### Exercise inputs

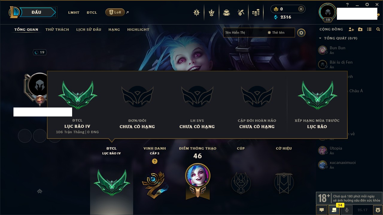 Rank Đơn: Chưa rank mùa nàoKhung: Chưa có khungTướng: 66 - Còn 2316 THXTrang Phục: 5Rank ĐTCL: Lục Bảo IVLinh Thú: 104
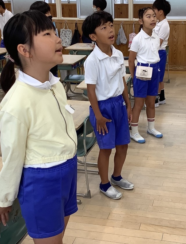 8時10分になると、朝の会が始まりました。 今月の歌「エール」を、気持ちよさそうに歌っている子たちに出会いました。
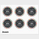 Birthday sticker with a cute pattern of macarons in many different colours with a faint polka dot pattern behind. Personalised text written in white on a black circle.
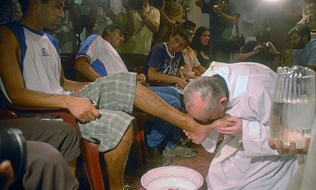 Above: Pope Francis washing the feet of migrant criminal offenders in Rome.
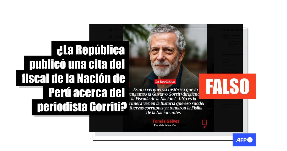 El periodista peruano Gustavo Gorriti criticó la dirección de la fiscalía de Perú en una entrevista el 14 de noviembre de 2025. En ese contexto, más de 400 usuarios de redes sociales han compartido una supuesta placa del diario La República en la que el fiscal general, Tomás Gálvez, aparentemente denuncia que Gorriti “dirige” la institución. Sin embargo, la imagen fue adulterada. La gráfica original difundida por el medio muestra en realidad una frase de Gorriti en la que critica a Gálvez.
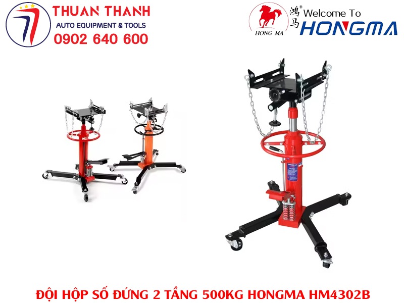 Giá đỡ hộp số đứng, tranmission jack, đội hộp số đứng 500kg chuyên dùng cho nâng hạ động cơ ô tô HONGMA được thiết kế và sản xuất cho sử dụng làm việc lâu dài ở trong garage ô tô, an toàn, hiệu quả và tiện dụng nhất
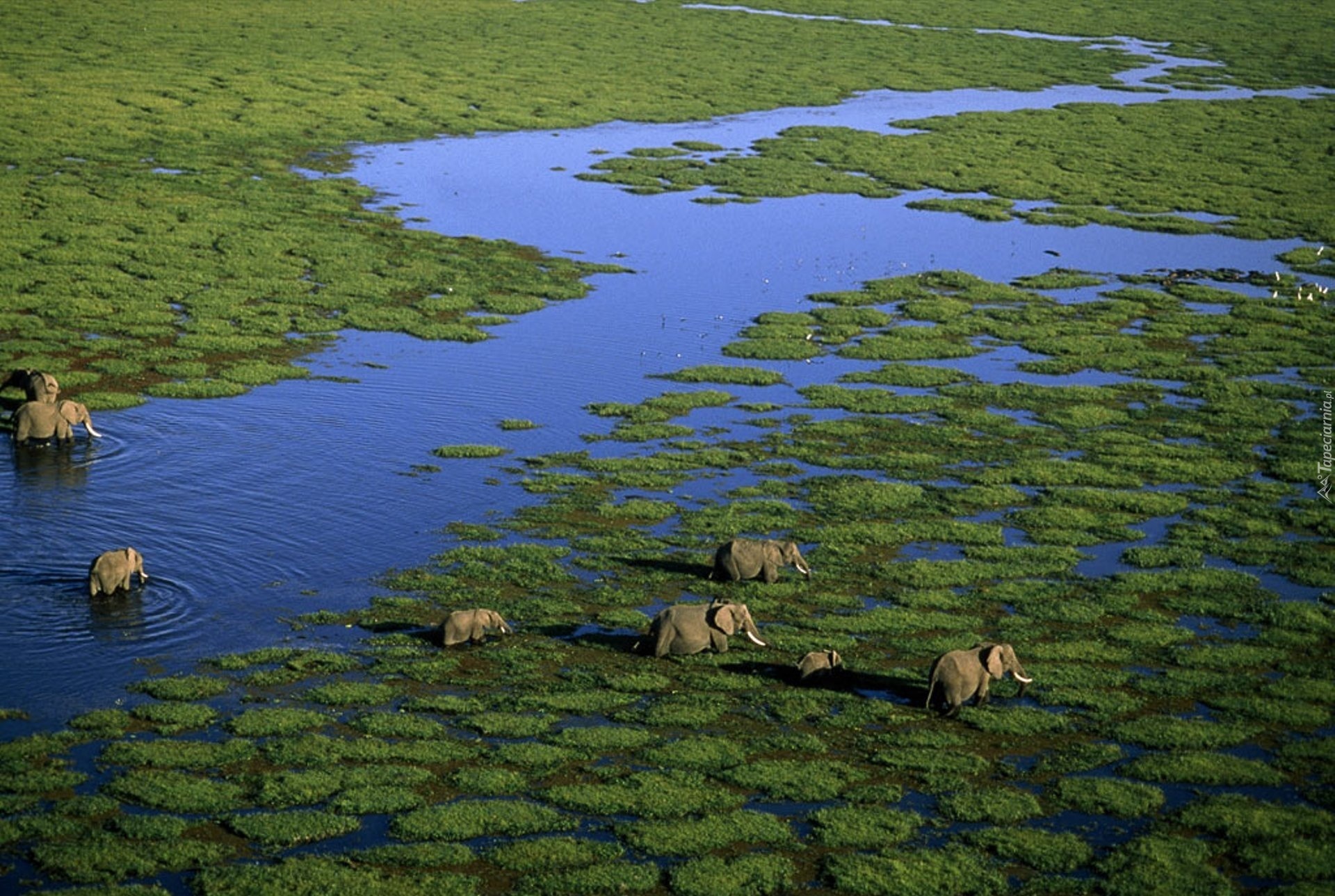 Edytor tapety: Stadko, Słoni, Rzeka, Rozlewisko

######

No picture belongs in the answer; the rest of the records must be repeated exactly.

■ Exercise answer:
 Rank Đơn: Chưa rank mùa nàoKhung: Chưa có khungTướng: 66 - Còn 2316 THXTrang Phục: 5Rank ĐTCL: Lục Bảo IVLinh Thú: 104
 8時10分になると、朝の会が始まりました。 今月の歌「エール」を、気持ちよさそうに歌っている子たちに出会いました。
 Birthday sticker with a cute pattern of macarons in many different colours with a faint polka dot pattern behind. Personalised text written in white on a black circle.
 Above: Pope Francis washing the feet of migrant criminal offenders in Rome.
 El periodista peruano Gustavo Gorriti criticó la dirección de la fiscalía de Perú en una entrevista el 14 de noviembre de 2025. En ese contexto, más de 400 usuarios de redes sociales han compartido una supuesta placa del diario La República en la que el fiscal general, Tomás Gálvez, aparentemente denuncia que Gorriti “dirige” la institución. Sin embargo, la imagen fue adulterada. La gráfica original difundida por el medio muestra en realidad una frase de Gorriti en la que critica a Gálvez.
 Giá đỡ hộp số đứng, tranmission jack, đội hộp số đứng 500kg chuyên dùng cho nâng hạ động cơ ô tô HONGMA được thiết kế và sản xuất cho sử dụng làm việc lâu dài ở trong garage ô tô, an toàn, hiệu quả và tiện dụng nhất
 Edytor tapety: Stadko, Słoni, Rzeka, Rozlewisko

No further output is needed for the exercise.